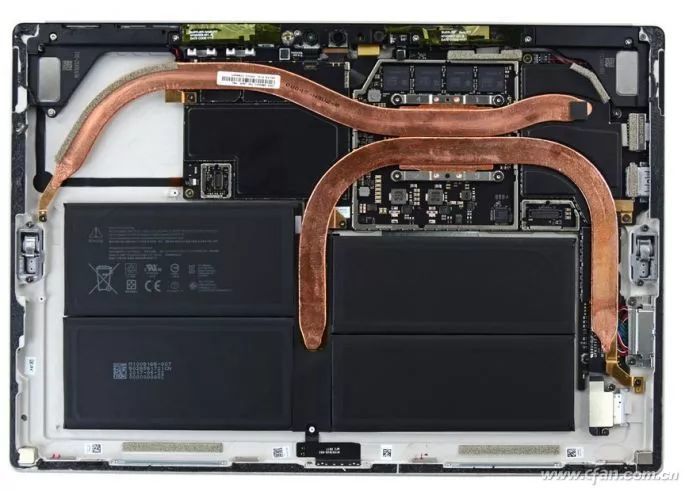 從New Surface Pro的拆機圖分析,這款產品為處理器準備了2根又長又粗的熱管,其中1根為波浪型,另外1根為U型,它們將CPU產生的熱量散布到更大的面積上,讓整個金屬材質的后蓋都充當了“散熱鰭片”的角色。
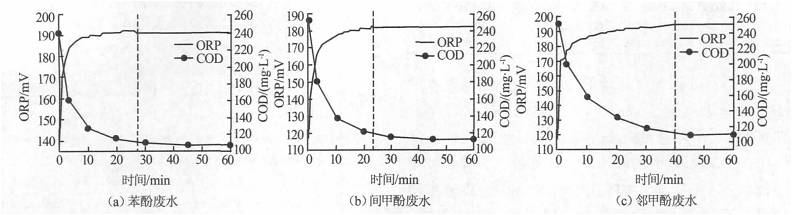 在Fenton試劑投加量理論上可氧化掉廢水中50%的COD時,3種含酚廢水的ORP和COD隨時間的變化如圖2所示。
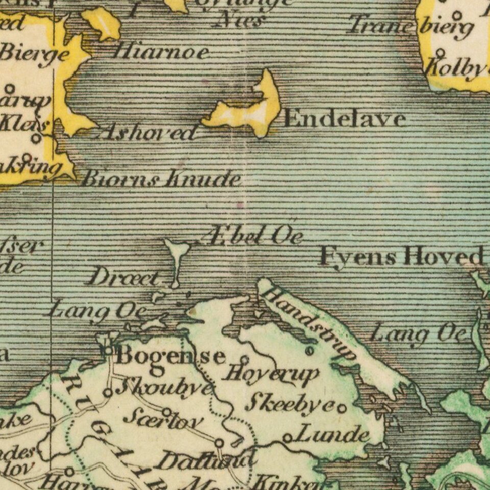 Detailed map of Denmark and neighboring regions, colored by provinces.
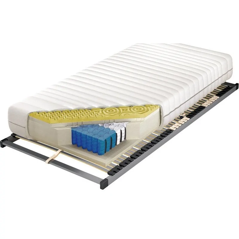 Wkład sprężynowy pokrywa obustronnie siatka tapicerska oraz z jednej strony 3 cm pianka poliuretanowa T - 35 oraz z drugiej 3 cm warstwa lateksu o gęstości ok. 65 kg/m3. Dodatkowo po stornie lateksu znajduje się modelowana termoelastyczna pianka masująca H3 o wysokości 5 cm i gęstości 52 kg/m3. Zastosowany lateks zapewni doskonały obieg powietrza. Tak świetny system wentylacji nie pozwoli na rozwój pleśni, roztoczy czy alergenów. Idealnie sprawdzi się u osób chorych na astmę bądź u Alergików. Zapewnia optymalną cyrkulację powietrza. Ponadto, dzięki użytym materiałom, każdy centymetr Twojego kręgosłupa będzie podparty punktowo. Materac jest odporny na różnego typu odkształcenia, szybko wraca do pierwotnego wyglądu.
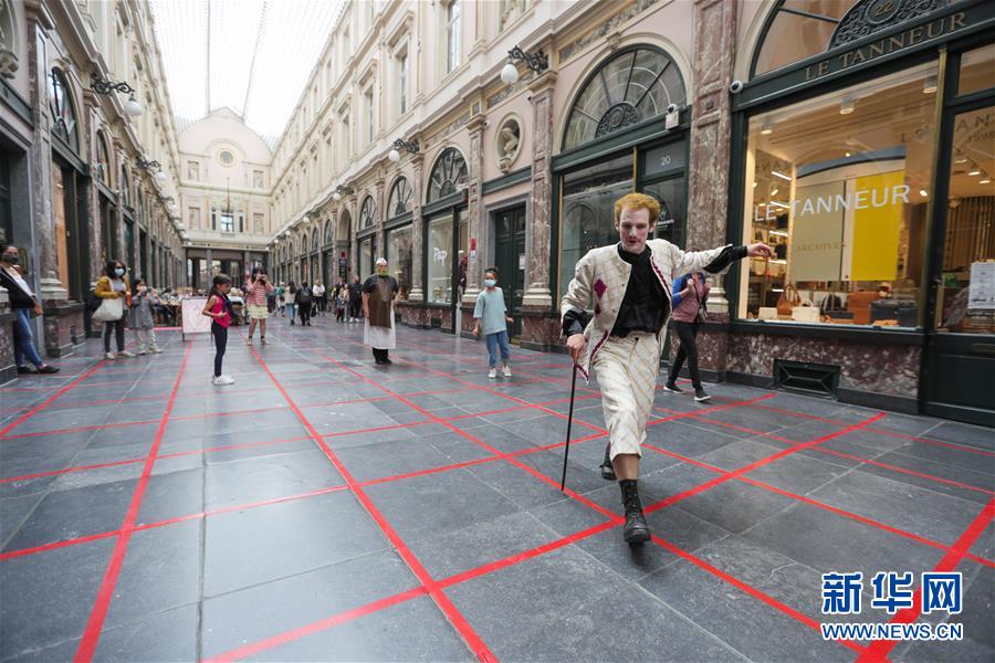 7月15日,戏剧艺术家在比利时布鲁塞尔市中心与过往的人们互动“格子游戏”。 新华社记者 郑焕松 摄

..........

EXERCISE => A word-for-word copy of every entry, with the pictures left out, is the required answer.

RESULT OF THIS TASK =>
 從New Surface Pro的拆機圖分析,這款產品為處理器準備了2根又長又粗的熱管,其中1根為波浪型,另外1根為U型,它們將CPU產生的熱量散布到更大的面積上,讓整個金屬材質的后蓋都充當了“散熱鰭片”的角色。
 在Fenton試劑投加量理論上可氧化掉廢水中50%的COD時,3種含酚廢水的ORP和COD隨時間的變化如圖2所示。
 Detailed map of Denmark and neighboring regions, colored by provinces.
 Wkład sprężynowy pokrywa obustronnie siatka tapicerska oraz z jednej strony 3 cm pianka poliuretanowa T - 35 oraz z drugiej 3 cm warstwa lateksu o gęstości ok. 65 kg/m3. Dodatkowo po stornie lateksu znajduje się modelowana termoelastyczna pianka masująca H3 o wysokości 5 cm i gęstości 52 kg/m3. Zastosowany lateks zapewni doskonały obieg powietrza. Tak świetny system wentylacji nie pozwoli na rozwój pleśni, roztoczy czy alergenów. Idealnie sprawdzi się u osób chorych na astmę bądź u Alergików. Zapewnia optymalną cyrkulację powietrza. Ponadto, dzięki użytym materiałom, każdy centymetr Twojego kręgosłupa będzie podparty punktowo. Materac jest odporny na różnego typu odkształcenia, szybko wraca do pierwotnego wyglądu.
 7月15日,戏剧艺术家在比利时布鲁塞尔市中心与过往的人们互动“格子游戏”。 新华社记者 郑焕松 摄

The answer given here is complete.